Despite the recovery, the travel and tourism industry is expected to face new challenges in 2023, after years of pandemic-related setbacks, according to the study. Although health concerns have subsided, new pressures have emerged, including a labor shortage, concerns about climate change, and the possibility that corporate travel will never return to pre-pandemic levels.

“If 2022 was the year of welcomed pent-up demand, 2023 will be a year of coming to grips with some complicated realities facing travel. The year ahead in travel will be defined by the basics — product, performance and price — in the context of economies and societies reshaping themselves on the way of a once-in-a-generation crisis,” the study said.  

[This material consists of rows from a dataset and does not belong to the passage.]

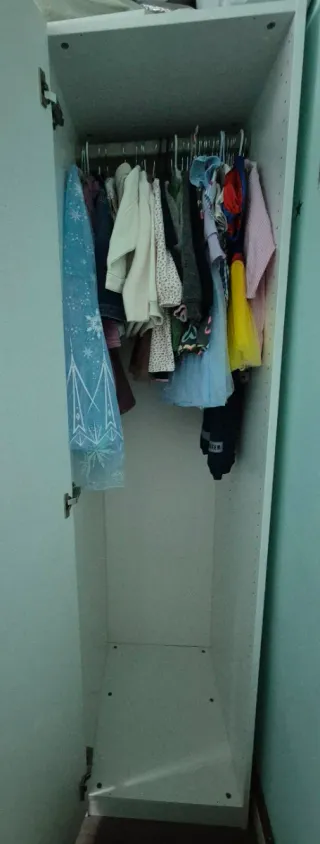 Armario PAX de IKEA con unas medidas de 50 cm de ancho, 58 cm de fondo y 201 cm de alto. Ideal para organizar tu ropa y accesorios. Con puerta y barra en el interior. - Estructura de madera. - Color blanco. -Tirador forma de nube de Zara Home. Muy buen estado. Poco uso.
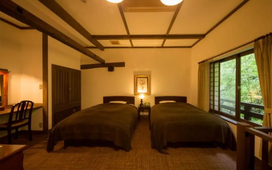역에서 매우 가깝고 역에서 내리막길 쭉 내려가기 편하고 돌아오는 길에 짐을 끌고 다니기가 조금 힘들 수도 있습니다. 총 8개의 방이 있고 강 옆에 호텔의 공용 공간인 로비와 도서관이 마음에 들고 토끼 장식이 너무 귀여워요! 온천은 반노천만 가능하며 자매관까지 도보로 5분 거리에 야외에 몸을 담글 수 있는 것도 괜찮습니다.가는 길에 경치를 감상하세요.
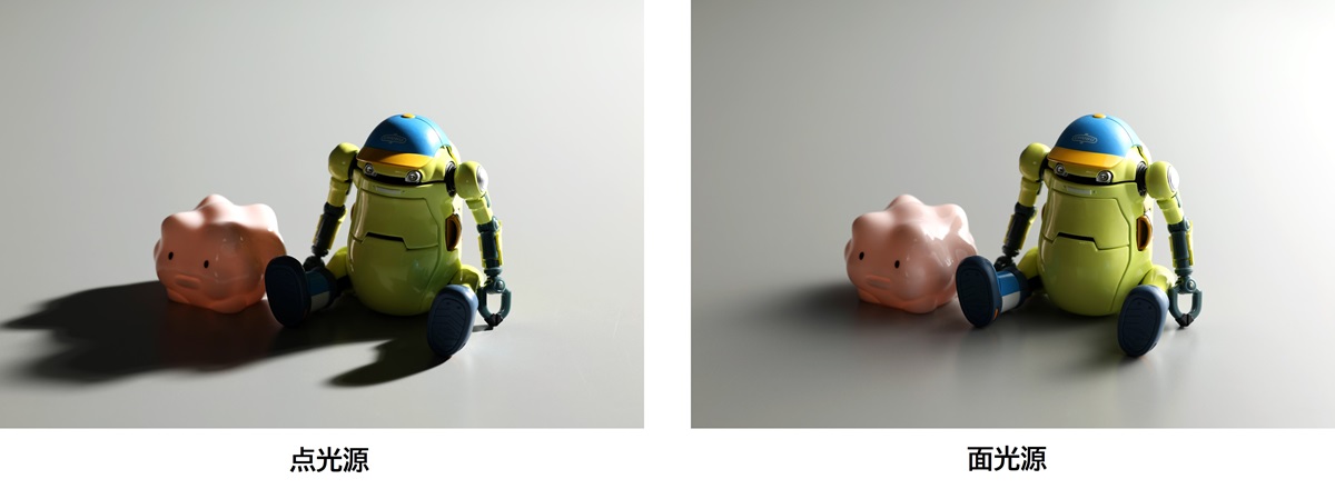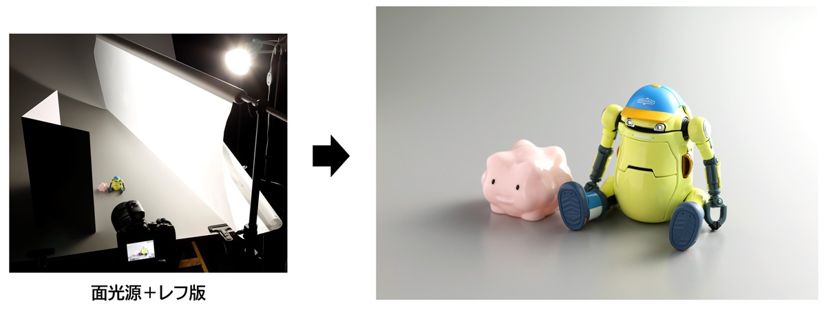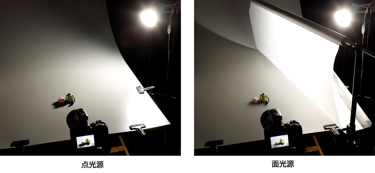 晴れた日に太陽の光が直接当たっているようにはっきり影が出るのが点光源、曇り空で雲を通って光がふんわり当たっているのが面光源のイメージです。撮影したい雰囲気や状況に合わせて使い分けます。
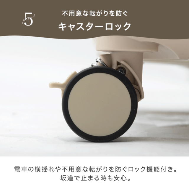 ※キャスターロックはキャスターが動くのを止める補助機能です。完全に走行を止めるものではありませんので、ご了承ください。
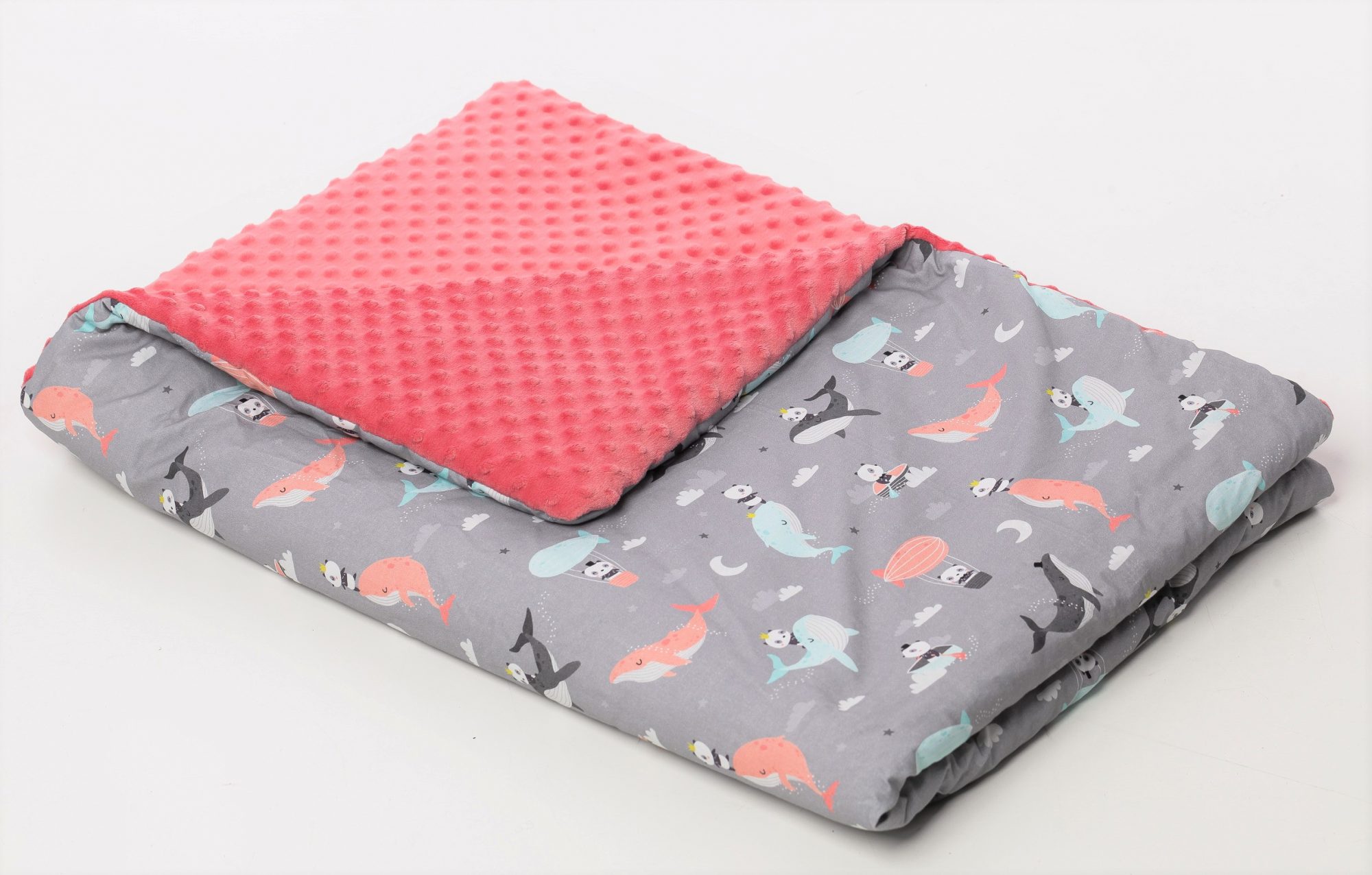 Koc przedszkolaka 100×150 cm, Wieloryb z pandami strawbery ice kropki

Key findings of the report include: 

  1. Leisure demand faces a murky outlook: After a prolonged steady rise, the intent to book travel was flat or down across all travel segments. YOY demand for leisure travel at the end of 2022 was flat YOY. After increasing in the summer, Americans’ desire to travel during the winter holidays has decreased. The September softening in demand could be the start of a long-term trend of consumer belt-tightening. The outlook for leisure travel in 2023 remains bleak, whether due to rising consumer financial concerns or simply a desire for many to avoid peak travel dates.
  2. Challenges in staffing and supply chain will undermine experience: The travel experience has been impacted, especially as companies struggle to keep up amid staffing shortages, technology issues and ongoing supply chain challenges. As travelers demand better experiences and prices remain high, these issues could begin to hurt overall business performance for the industry. While many travelers might opt to travel less or not at all, many are expected to adjust their trips, compromising their budget.  
  3. Corporate’s new normal: Corporate travel will face cost-related challenges. With high airfares and many businesses finding growth harder to come by, there might be some expense-related curbing of trips. Corporate travel is expected to see major gains, primarily contributed by key corporate and industry events scheduled for the year. One-quarter (25%) of business travelers now point to conferences, exhibitions, or tradeshows as their primary reason for travel 
  4. Sustainability is important but has fewer options: Travelers are eager for more transparency through sustainability reporting, especially as 68% of consumers consider climate change an emergency. And travel suppliers do have sustainability much higher on their agendas than before, Deloitte found, creating opportunities to meet those demands. 
  5. “Laptop lugging” trend will grow: The pandemic-induced shift in work patterns has allowed for greater flexibility in the workplace and among people. Approximately half of all employed Americans can work remotely, and the number of days they prefer to do so has increased (from 3.2 days per week in Nov. 2021 to 3.9 days in Nov. 2022). As a result, “laptop lugging” – the trend of leisure travelers extending trips due to the ability to work from anywhere – is expected to grow further, allowing travel providers to cater to this new market of travelers.

The weakening of financial confidence has threatened travel growth in the last few months of 2022, with the intent to travel becoming unsteady in September after a year and a half of steady growth.  

Despite this, performance indicators in the hotel and airline industries have stayed strong. Overall, the travel sector is shifting to a year that will need repositioning and recalibration.